功能Contributes to the stabilization of the junctional membrane complexes, which are common to excitable cells and mediate cross-talk between cell surface and intracellular ion channels. Probably acts by anchoring the plasma membrane and endoplasmic/sarcoplasmic reticulum. Contributes to the construction of skeletal muscle triad junctions, and plays an essential role in heart development.
组织特异性Specifically expressed in skeletal muscle and heart.
疾病相关Defects in JPH2 are the cause of cardiomyopathy familial hypertrophic type 17 (CMH17) [MIM:613873]. CMH17 is a hereditary heart disorder characterized by ventricular hypertrophy, which is usually asymmetric and often involves the interventricular septum. The symptoms include dyspnea, syncope, collapse, palpitations, and chest pain. They can be readily provoked by exercise. The disorder has inter- and intrafamilial variability ranging from benign to malignant forms with high risk of cardiac failure and sudden cardiac death.

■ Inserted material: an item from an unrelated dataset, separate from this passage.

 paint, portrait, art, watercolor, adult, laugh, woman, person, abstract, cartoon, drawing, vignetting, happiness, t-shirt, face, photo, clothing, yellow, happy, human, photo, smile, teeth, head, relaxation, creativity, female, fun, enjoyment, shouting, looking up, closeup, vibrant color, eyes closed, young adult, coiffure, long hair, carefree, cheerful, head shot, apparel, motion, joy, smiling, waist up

序列相似性Belongs to the junctophilin family. Contains 8 MORN repeats.
结构域The MORN (membrane occupation and recognition nexus) repeats contribute to the plasma membrane binding, possibly by interacting with phospholipids.

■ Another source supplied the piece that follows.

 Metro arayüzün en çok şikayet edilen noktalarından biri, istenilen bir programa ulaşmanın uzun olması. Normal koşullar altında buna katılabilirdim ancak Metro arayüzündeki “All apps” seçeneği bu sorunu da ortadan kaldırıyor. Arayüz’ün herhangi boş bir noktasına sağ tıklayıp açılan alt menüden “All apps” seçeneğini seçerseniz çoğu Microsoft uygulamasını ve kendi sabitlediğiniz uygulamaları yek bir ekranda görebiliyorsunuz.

细胞定位Cell membrane. Endoplasmic reticulum membrane. Sarcoplasmic reticulum membrane. Localized predominantly on the plasma membrane. The transmembrane domain is anchored in endoplasmic/sarcoplasmic reticulum membrane, while the N-terminal part associates with the plasma membrane. In heart cells, it predominantly associates along Z lines within myocytes. In skeletal muscle, it is specifically localized at the junction of A and I bands.